• _Listed entries_:
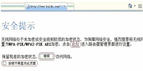2. 如果當(dāng)前無(wú)線設(shè)置加密類型為非WPA-PSK/WPA2-PSK AES 加密,您打開網(wǎng)頁(yè)時(shí)會(huì)彈出如下界面。
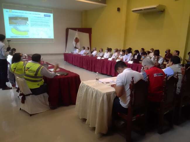 Reunión en el Colegio de Ingenieros de Tarapoto, presente el vice ministro de transportes y comunicaciones, el de decano del colegio de Ingenieros, la Congresista Karol Paredes, representante de las divertidas organizaciones de la región para abordar la problemática de las vías de comunicación en San Martín. Presentes en la cita además IRSA Norte, Ositran, la dirección regional de Transportes y Comunicaciones. Noticia en desarrollo.
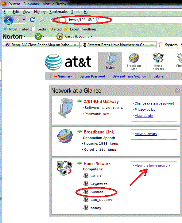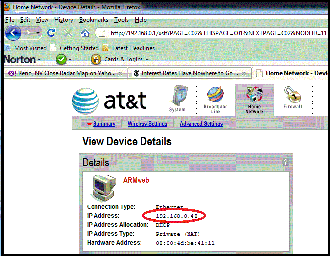But for this web interface navigate using a browser to http://w.x.y.z where w.x.y.z is the IP address of the ARMweb (192.168.0.48 in this example).
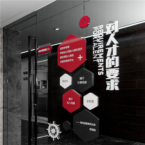 合理布局:企業文化墻不是獨立存在的,它在辦公區域中處于一定的位置,因此,我們必須注意把它放在一個合理的位置,有限的空間,優化布局,為以后的設計打下基礎。
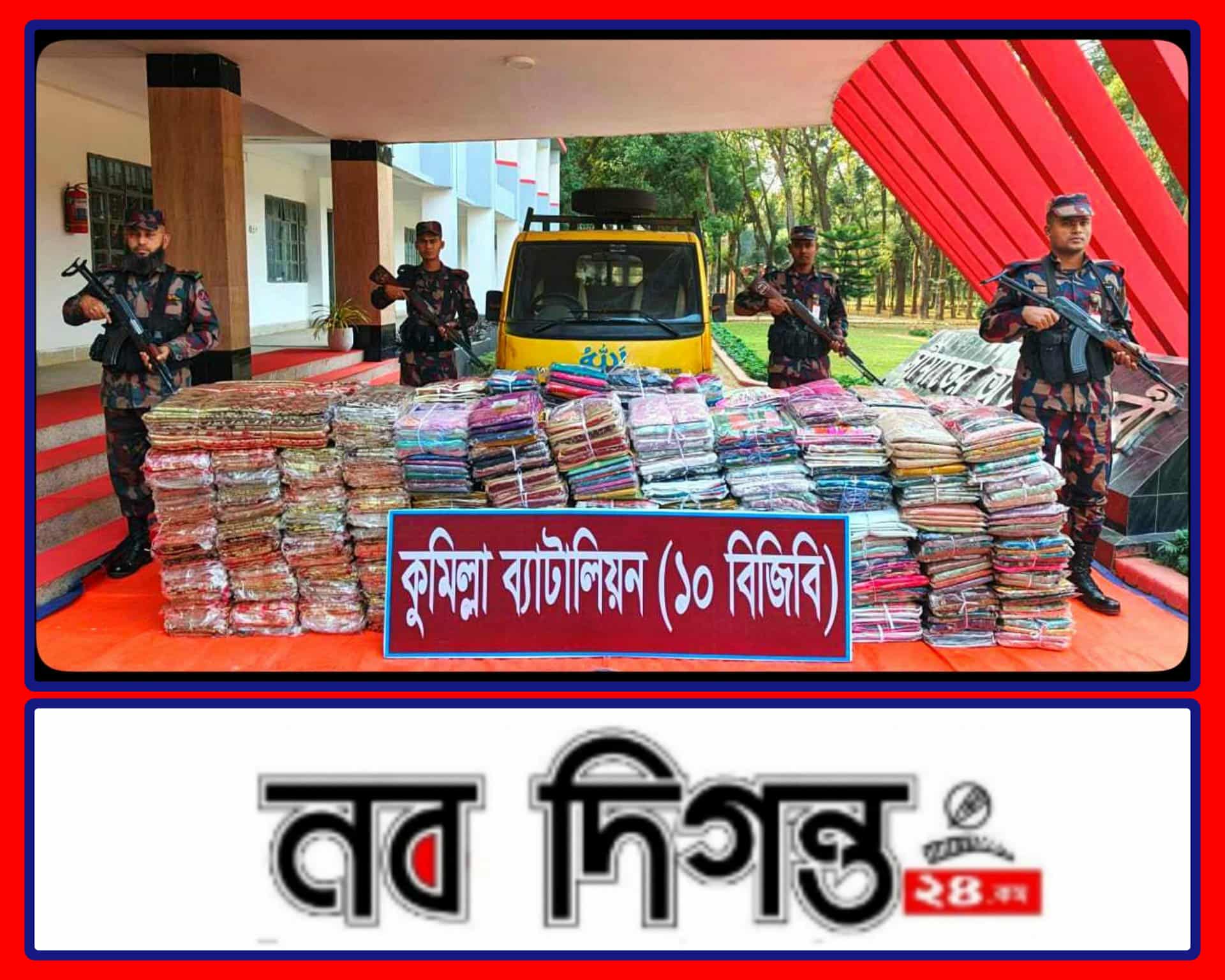 কুমিল্লা সীমান্তে চোরাচালান বিরোধী অভিযানে একটি মিনি পিকআপসহ বিপুল পরিমাণ অবৈধ ভারতীয় শাড়ি, থ্রি-পিস এবং বাজি জব্দ করেছে বর্ডার গার্ড বাংলাদেশ (বিজিবি)
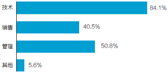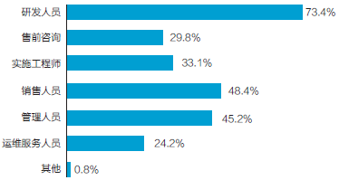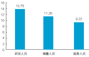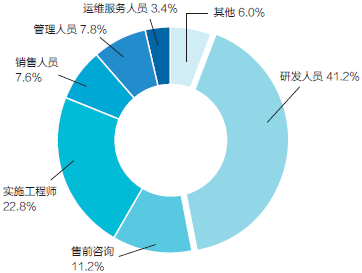 调研数据显示,2014年园区所有岗位中,研发技术类人员(包括研发人员、实施工程师、售前咨询)占总人数的75.2%。其中,研发人员占比41.2%,实施工程师占比 22.8%,售前咨询占比11.2%。
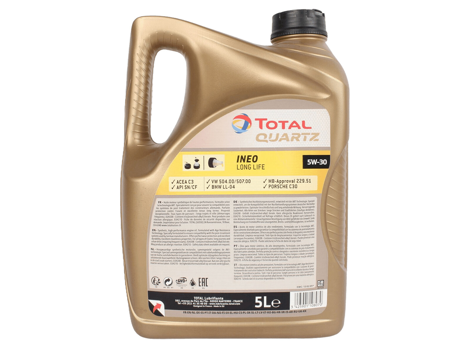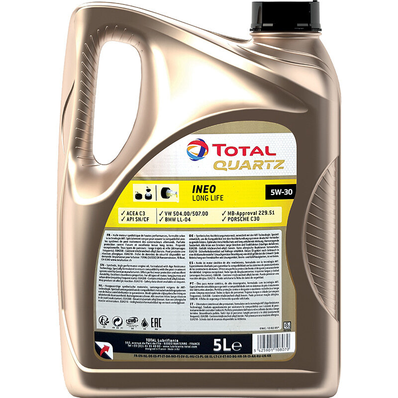 TOTALENERGIES 213819 Масо моторное синтетическое 5 - QUARTZ INEO LONG LIFE 5W-30 API SN/CF, ACEA C3, VW 504.00/507.00, MB 229.51, BMW Longlife-04, Porsche C30
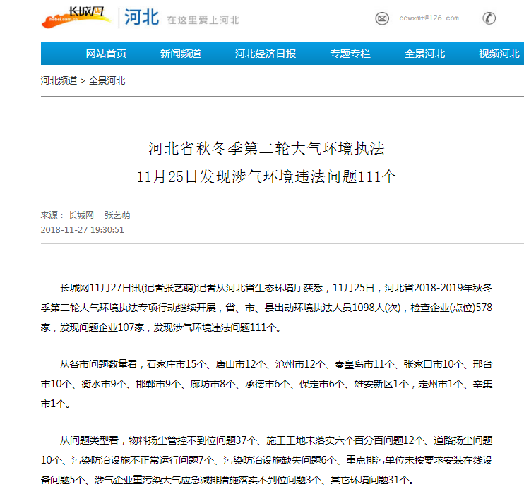 长城网11月27日讯(记者张艺萌)记者从东京热 获悉,11月25日,河北省2018-2019年秋冬季第二轮大气环境执法专项行动继续开展,省、市、县出动环境执法人员1098人(次),检查企业(点位)578家,发现问题企业107家,发现涉气环境违法问题111个。
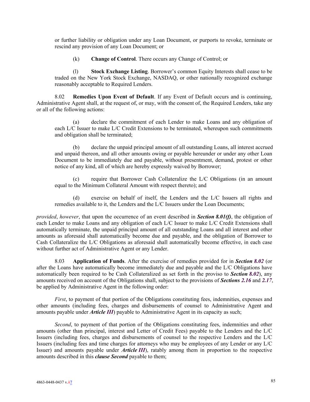 4863-0448-0437 v.17 85 or further liability or obligation under any Loan Document, or purports to revoke, terminate or rescind any provision of any Loan Document; or (k) Change of Control. There occurs any Change of Control; or (l) Stock Exchange Listing. Borrower’s common Equity Interests shall cease to be traded on the New York Stock Exchange, NASDAQ, or other nationally recognized exchange reasonably acceptable to Required Lenders. 8.02 Remedies Upon Event of Default. If any Event of Default occurs and is continuing, Administrative Agent shall, at the request of, or may, with the consent of, the Required Lenders, take any or all of the following actions: (a) declare the commitment of each Lender to make Loans and any obligation of each L/C Issuer to make L/C Credit Extensions to be terminated, whereupon such commitments and obligation shall be terminated; (b) declare the unpaid principal amount of all outstanding Loans, all interest accrued and unpaid thereon, and all other amounts owing or payable hereunder or under any other Loan Document to be immediately due and payable, without presentment, demand, protest or other notice of any kind, all of which are hereby expressly waived by Borrower; (c) require that Borrower Cash Collateralize the L/C Obligations (in an amount equal to the Minimum Collateral Amount with respect thereto); and (d) exercise on behalf of itself, the Lenders and the L/C Issuers all rights and remedies available to it, the Lenders and the L/C Issuers under the Loan Documents; provided, however, that upon the occurrence of an event described in Section 8.01(f), the obligation of each Lender to make Loans and any obligation of each L/C Issuer to make L/C Credit Extensions shall automatically terminate, the unpaid principal amount of all outstanding Loans and all interest and other amounts as aforesaid shall automatically become due and payable, and the obligation of Borrower to Cash Collateralize the L/C Obligations as aforesaid shall automatically become effective, in each case without further act of Administrative Agent or any Lender. 8.03 Application of Funds. After the exercise of remedies provided for in Section 8.02 (or after the Loans have automatically become immediately due and payable and the L/C Obligations have automatically been required to be Cash Collateralized as set forth in the proviso to Section 8.02), any amounts received on account of the Obligations shall, subject to the provisions of Sections 2.16 and 2.17, be applied by Administrative Agent in the following order: First, to payment of that portion of the Obligations constituting fees, indemnities, expenses and other amounts (including fees, charges and disbursements of counsel to Administrative Agent and amounts payable under Article III) payable to Administrative Agent in its capacity as such; Second, to payment of that portion of the Obligations constituting fees, indemnities and other amounts (other than principal, interest and Letter of Credit Fees) payable to the Lenders and the L/C Issuers (including fees, charges and disbursements of counsel to the respective Lenders and the L/C Issuers (including fees and time charges for attorneys who may be employees of any Lender or any L/C Issuer) and amounts payable under Article III), ratably among them in proportion to the respective amounts described in this clause Second payable to them;
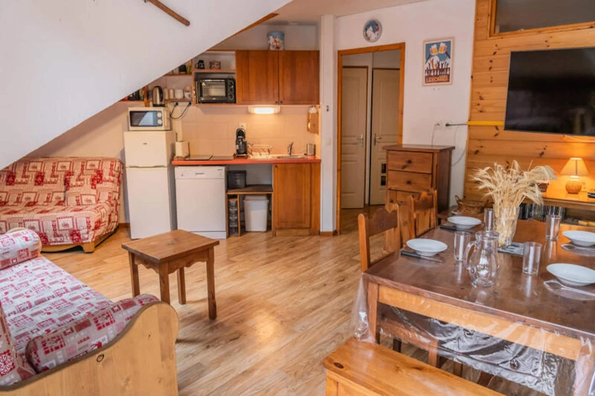 Das Apartment ist komplett mit modernen Annehmlichkeiten ausgestattet, darunter eine Küche mit Geschirrspüler, Backofen und verschiedenen Kaffeemaschinen wie Tassimo, Filter und italienischer Kaffeemaschine. Die Küche verfügt außerdem über ein Raclettegerät, perfekt für den Genuss traditioneller Alpengerichte. Für zusätzlichen Komfort verfügt das Apartment über Fahrradhaken auf dem Balkon und einen privaten Skiraum im Erdgeschoss der Residenz, der sich ideal zur Aufbewahrung Ihrer Ausrüstung eignet. Für Komfort und Privatsphäre sorgen die beiden Badezimmer, eines davon mit Badewanne. Zusätzliche Funktionen wie Heizung, Stauraum und ein Fernseher in jedem Zimmer erhöhen die Funktionalität des Apartments und machen es zu einem idealen Ausgangspunkt für Ihren Resortaufenthalt.
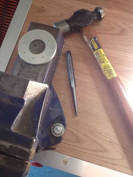 Dos arandelas pueden dejarse como está. Los otros dos se deben marcar de alguna manera a hacerlas diferentes. Seguro que usted puede pintarlos. Me pareció más fácil apoyarlas en una superficie de metal duro-a seguido de un granete y un martillo para crear un patrón que se distingue de los llanos. La pintura se va desgastando. Marcas de punzón no.
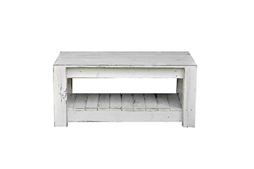 This beautiful White Farmhouse Coffee Table has been built from 100% reclaimed wood and comes with a roomy storage deck underneath for storing books, magazines and decor. Measures 40L x 20W x 18H with approximately 8 inches of storage height space underneath. The white on this table is not a bright stark white but moderately an antique off-white that completes the natural weathered look. Once the paint has dried it is sanded in all places for a smooth distressed finish. This piece will add the easiest rustic charm to your space. Each of our pieces are handmade with excellence and we guarantee You are going to receive the highest quality conceivable from the color finish to the structure and durability of its construction. You are going to love this piece! Please note that each piece is made to order so the natural wood color and texture may vary quite. Please remember the fact that our products are handmade from reclaimed wood so no two pieces will ever be the very same. Also, old nail holes, knot holes, and cracks may also be expected and are part of what adds the character to these one-of-a-kind pieces.
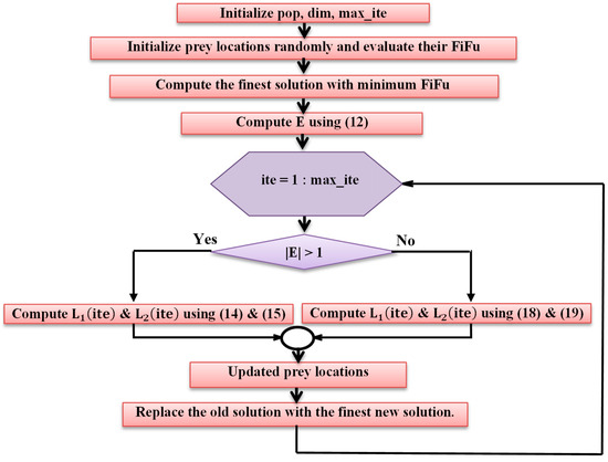 where and indicate the diminishing energy of the prey and the initial energy, respectively. Value of ranges from [−1, 1], while the value of is computed via (13) [52].
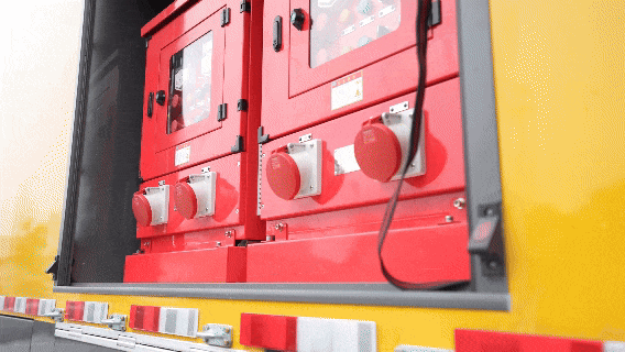 铝合金液压尾板, 可承载1.5T,大容量尾部存储舱,可放置水带、浮圈等配件。
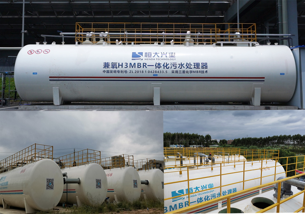 (二)由我司自主研發(fā)的智能兼氧H3MBR一體化污水處理器(中國發(fā)明專利號:ZL2018 1 0428433.5),采用三菱化學MBR膜技術,結合間歇曝氣和間歇進水完成脫氮除磷,去除有機物,并通過三菱化學MBR膜組件進行泥水分離,產水穩(wěn)定達到一級A排放標準。主要應用于市政污水、產業(yè)園區(qū)污水、方艙醫(yī)院、城鎮(zhèn)新農村生活污水等諸多場景生活污水的處理與回用。
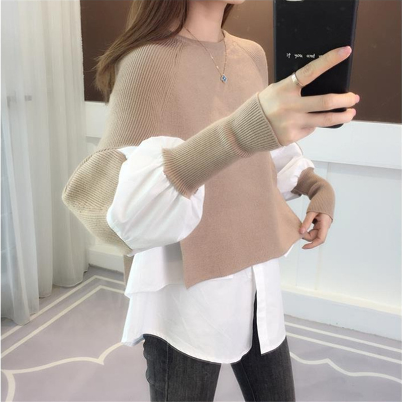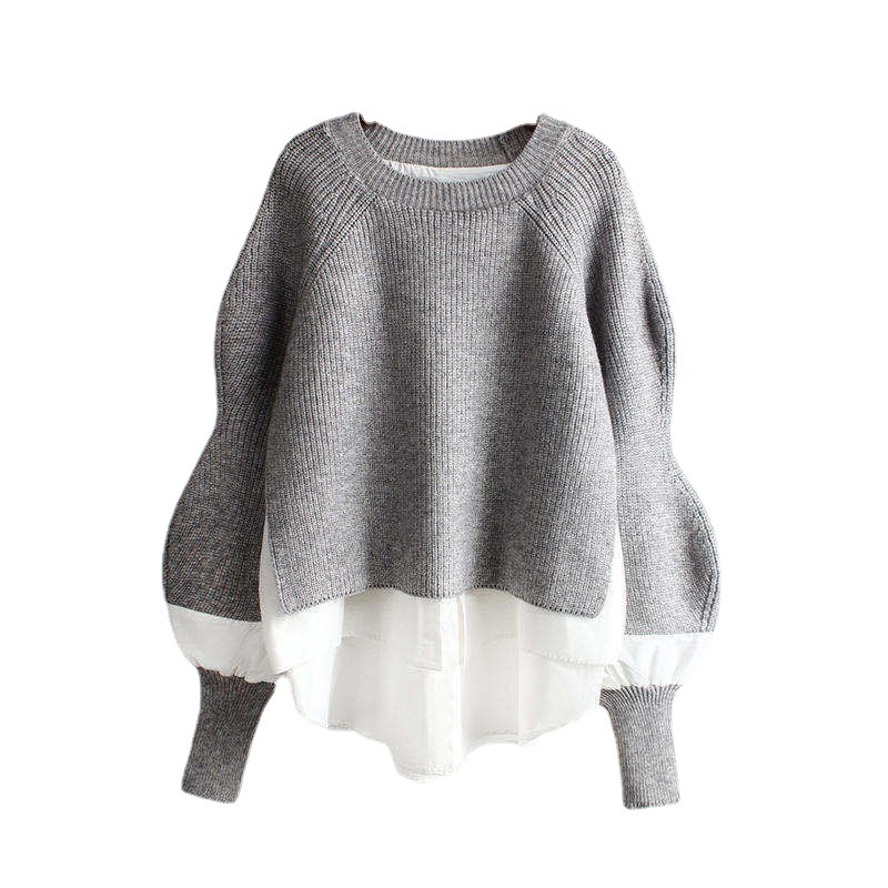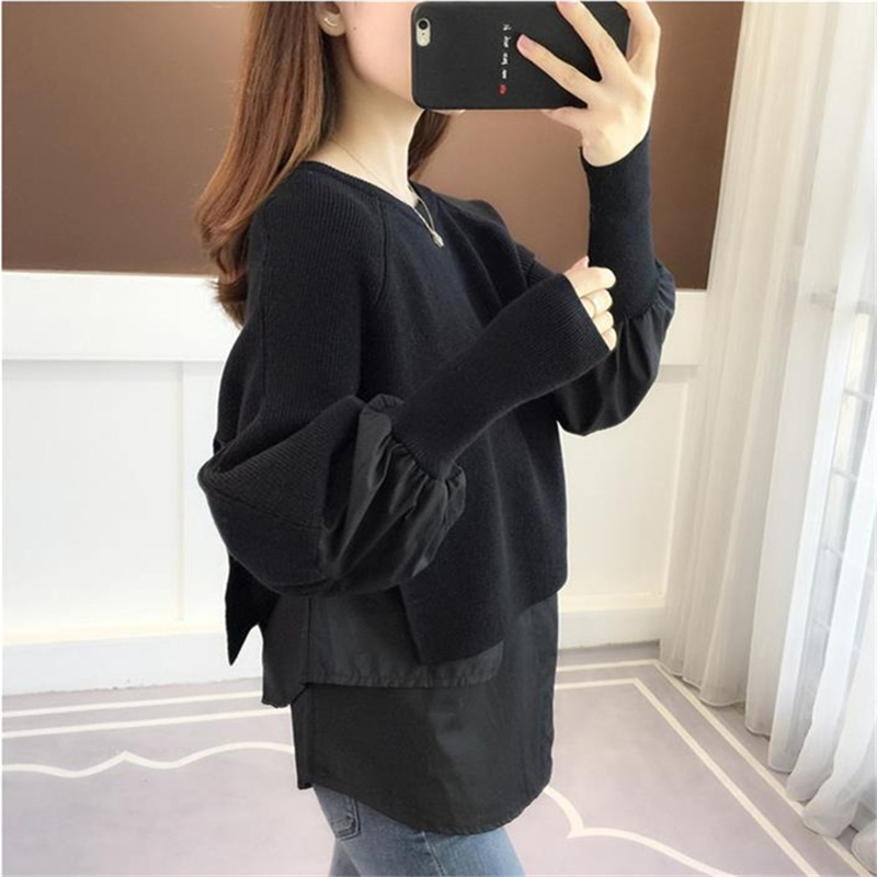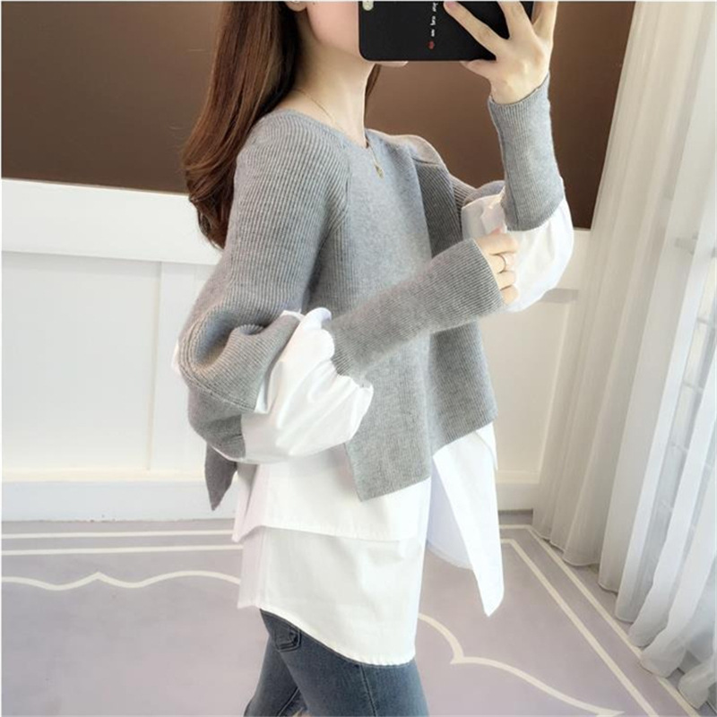 | nameOriginal | in stock Europe Station Autumn and Winter New Loose Pullover Knitted Sweater Sweater Crewneck Stylik Stitching Fake Two-piece Top Women |

• _Activity_: Output each record above word for word, leaving out images.

• _Exercise output_:
2. 如果當(dāng)前無(wú)線設(shè)置加密類型為非WPA-PSK/WPA2-PSK AES 加密,您打開網(wǎng)頁(yè)時(shí)會(huì)彈出如下界面。
 Reunión en el Colegio de Ingenieros de Tarapoto, presente el vice ministro de transportes y comunicaciones, el de decano del colegio de Ingenieros, la Congresista Karol Paredes, representante de las divertidas organizaciones de la región para abordar la problemática de las vías de comunicación en San Martín. Presentes en la cita además IRSA Norte, Ositran, la dirección regional de Transportes y Comunicaciones. Noticia en desarrollo.
But for this web interface navigate using a browser to http://w.x.y.z where w.x.y.z is the IP address of the ARMweb (192.168.0.48 in this example).
 合理布局:企業文化墻不是獨立存在的,它在辦公區域中處于一定的位置,因此,我們必須注意把它放在一個合理的位置,有限的空間,優化布局,為以后的設計打下基礎。
 কুমিল্লা সীমান্তে চোরাচালান বিরোধী অভিযানে একটি মিনি পিকআপসহ বিপুল পরিমাণ অবৈধ ভারতীয় শাড়ি, থ্রি-পিস এবং বাজি জব্দ করেছে বর্ডার গার্ড বাংলাদেশ (বিজিবি)
 调研数据显示,2014年园区所有岗位中,研发技术类人员(包括研发人员、实施工程师、售前咨询)占总人数的75.2%。其中,研发人员占比41.2%,实施工程师占比 22.8%,售前咨询占比11.2%。
 TOTALENERGIES 213819 Масо моторное синтетическое 5 - QUARTZ INEO LONG LIFE 5W-30 API SN/CF, ACEA C3, VW 504.00/507.00, MB 229.51, BMW Longlife-04, Porsche C30
 长城网11月27日讯(记者张艺萌)记者从东京热 获悉,11月25日,河北省2018-2019年秋冬季第二轮大气环境执法专项行动继续开展,省、市、县出动环境执法人员1098人(次),检查企业(点位)578家,发现问题企业107家,发现涉气环境违法问题111个。
 4863-0448-0437 v.17 85 or further liability or obligation under any Loan Document, or purports to revoke, terminate or rescind any provision of any Loan Document; or (k) Change of Control. There occurs any Change of Control; or (l) Stock Exchange Listing. Borrower’s common Equity Interests shall cease to be traded on the New York Stock Exchange, NASDAQ, or other nationally recognized exchange reasonably acceptable to Required Lenders. 8.02 Remedies Upon Event of Default. If any Event of Default occurs and is continuing, Administrative Agent shall, at the request of, or may, with the consent of, the Required Lenders, take any or all of the following actions: (a) declare the commitment of each Lender to make Loans and any obligation of each L/C Issuer to make L/C Credit Extensions to be terminated, whereupon such commitments and obligation shall be terminated; (b) declare the unpaid principal amount of all outstanding Loans, all interest accrued and unpaid thereon, and all other amounts owing or payable hereunder or under any other Loan Document to be immediately due and payable, without presentment, demand, protest or other notice of any kind, all of which are hereby expressly waived by Borrower; (c) require that Borrower Cash Collateralize the L/C Obligations (in an amount equal to the Minimum Collateral Amount with respect thereto); and (d) exercise on behalf of itself, the Lenders and the L/C Issuers all rights and remedies available to it, the Lenders and the L/C Issuers under the Loan Documents; provided, however, that upon the occurrence of an event described in Section 8.01(f), the obligation of each Lender to make Loans and any obligation of each L/C Issuer to make L/C Credit Extensions shall automatically terminate, the unpaid principal amount of all outstanding Loans and all interest and other amounts as aforesaid shall automatically become due and payable, and the obligation of Borrower to Cash Collateralize the L/C Obligations as aforesaid shall automatically become effective, in each case without further act of Administrative Agent or any Lender. 8.03 Application of Funds. After the exercise of remedies provided for in Section 8.02 (or after the Loans have automatically become immediately due and payable and the L/C Obligations have automatically been required to be Cash Collateralized as set forth in the proviso to Section 8.02), any amounts received on account of the Obligations shall, subject to the provisions of Sections 2.16 and 2.17, be applied by Administrative Agent in the following order: First, to payment of that portion of the Obligations constituting fees, indemnities, expenses and other amounts (including fees, charges and disbursements of counsel to Administrative Agent and amounts payable under Article III) payable to Administrative Agent in its capacity as such; Second, to payment of that portion of the Obligations constituting fees, indemnities and other amounts (other than principal, interest and Letter of Credit Fees) payable to the Lenders and the L/C Issuers (including fees, charges and disbursements of counsel to the respective Lenders and the L/C Issuers (including fees and time charges for attorneys who may be employees of any Lender or any L/C Issuer) and amounts payable under Article III), ratably among them in proportion to the respective amounts described in this clause Second payable to them;
 Das Apartment ist komplett mit modernen Annehmlichkeiten ausgestattet, darunter eine Küche mit Geschirrspüler, Backofen und verschiedenen Kaffeemaschinen wie Tassimo, Filter und italienischer Kaffeemaschine. Die Küche verfügt außerdem über ein Raclettegerät, perfekt für den Genuss traditioneller Alpengerichte. Für zusätzlichen Komfort verfügt das Apartment über Fahrradhaken auf dem Balkon und einen privaten Skiraum im Erdgeschoss der Residenz, der sich ideal zur Aufbewahrung Ihrer Ausrüstung eignet. Für Komfort und Privatsphäre sorgen die beiden Badezimmer, eines davon mit Badewanne. Zusätzliche Funktionen wie Heizung, Stauraum und ein Fernseher in jedem Zimmer erhöhen die Funktionalität des Apartments und machen es zu einem idealen Ausgangspunkt für Ihren Resortaufenthalt.
 Dos arandelas pueden dejarse como está. Los otros dos se deben marcar de alguna manera a hacerlas diferentes. Seguro que usted puede pintarlos. Me pareció más fácil apoyarlas en una superficie de metal duro-a seguido de un granete y un martillo para crear un patrón que se distingue de los llanos. La pintura se va desgastando. Marcas de punzón no.
 This beautiful White Farmhouse Coffee Table has been built from 100% reclaimed wood and comes with a roomy storage deck underneath for storing books, magazines and decor. Measures 40L x 20W x 18H with approximately 8 inches of storage height space underneath. The white on this table is not a bright stark white but moderately an antique off-white that completes the natural weathered look. Once the paint has dried it is sanded in all places for a smooth distressed finish. This piece will add the easiest rustic charm to your space. Each of our pieces are handmade with excellence and we guarantee You are going to receive the highest quality conceivable from the color finish to the structure and durability of its construction. You are going to love this piece! Please note that each piece is made to order so the natural wood color and texture may vary quite. Please remember the fact that our products are handmade from reclaimed wood so no two pieces will ever be the very same. Also, old nail holes, knot holes, and cracks may also be expected and are part of what adds the character to these one-of-a-kind pieces.
 where and indicate the diminishing energy of the prey and the initial energy, respectively. Value of ranges from [−1, 1], while the value of is computed via (13) [52].
 铝合金液压尾板, 可承载1.5T,大容量尾部存储舱,可放置水带、浮圈等配件。
 (二)由我司自主研發(fā)的智能兼氧H3MBR一體化污水處理器(中國發(fā)明專利號:ZL2018 1 0428433.5),采用三菱化學MBR膜技術,結合間歇曝氣和間歇進水完成脫氮除磷,去除有機物,并通過三菱化學MBR膜組件進行泥水分離,產水穩(wěn)定達到一級A排放標準。主要應用于市政污水、產業(yè)園區(qū)污水、方艙醫(yī)院、城鎮(zhèn)新農村生活污水等諸多場景生活污水的處理與回用。
 | nameOriginal | in stock Europe Station Autumn and Winter New Loose Pullover Knitted Sweater Sweater Crewneck Stylik Stitching Fake Two-piece Top Women |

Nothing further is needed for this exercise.